Etienne, anyone else,

Have you given much/any thought to the possibility of moving the
node+accessors for nodes that are common across all of a production's
alternatives into the production superclass?  What I mean is, consider a
production with a couple alternatives such as try_statement from the Java
1.1 grammar:

try_statement =
    {try}
        try block catch_clause+ |
    {finally}
        try block catch_clause* P.finally;

Because catch_clause is common in name and in type to both alternatives, the
list and its accessors could be put into the PTryStatement class.  This
could be done for all cases where the signatures were truly identical, even
if the semantic meaning of the node were different.

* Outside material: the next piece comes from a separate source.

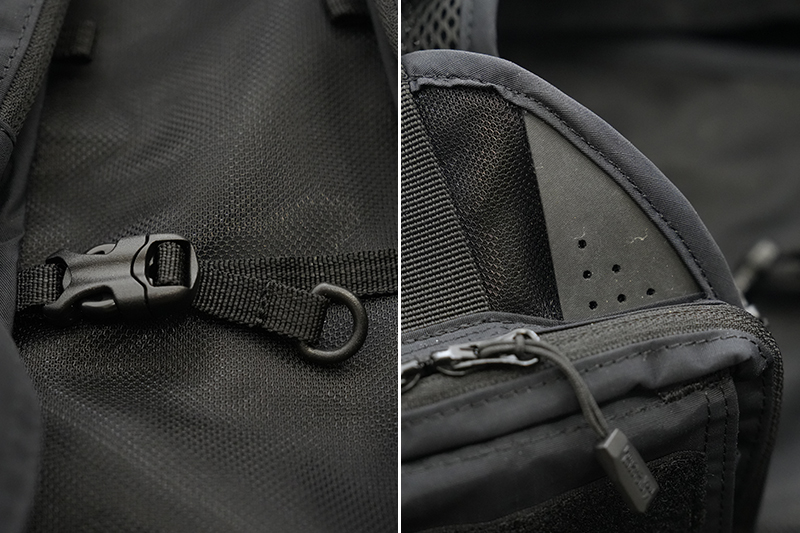 サイドから見た図ですが、向かって左側が背面パネル。下段は着たままアクセスできる大型サイドジッパーポケットになっており、大型ルアーボックスやドリンクを収納可能。ご覧の通りサイドパネルは硬質なメッシュで通気性抜群ながら、強度も十分。2段式のベルトでフィッティングの微調整もできます。

The benefits would be threefold.
1. there might be a little code space savings, of course as the cost of the
additional analysis.
2. one could write code that accepts PTryStatements and uses their
catch_clauses without forcing the caller to call getCatchClause() on the
subtype and pass a weakly typed LinkedList.

Instead of:
    void caseATryTryStatement(ATryTryStatement node)
    {
        processCatchClauses(node.getCatchClause());
    }
    void caseAFinallyTryStatement(AFinallyTryStatement node);
    {
        processCatchClauses(node.getCatchClause());
    }
    void processCatchClauses(LinkedList list) { ... }
You'd have:
    void caseATryTryStatement(ATryTryStatement node)
    {
        processCatchClauses(node);
    }
    void caseAFinallyTryStatement(AFinallyTryStatement node);
    {
        processCatchClauses(node);
    }
    void processCatchClauses(PTryStatement stmt)
    {
        LinkedList list = stmt.getCatchClause();
    }

3. For single-alternative productions you would not need to down cast to the
alternative to gain access to the nodes.  For example, instead of:

    void caseAFinallyTryStatement(AFinallyTryStatement node);
    {
        AFinally finally = (AFinally)node.getFinally(); // downcase to
single alternative
        ABlock finally_block=  finally.getBlock();
    }
you could avoid the case with

    void caseAFinallyTryStatement(AFinallyTryStatement node);
    {
        PFinally finally = node.getFinally();
        ABlock finally_block=  finally.getBlock();
    }


Benefits #1 and #3 seem to provide the strongest rationale.

So is this idea a reasonable one?  Is it something that would be difficult
to implement?  Or are the problems that this type of feature would address
just minor inconveniences in other people's minds?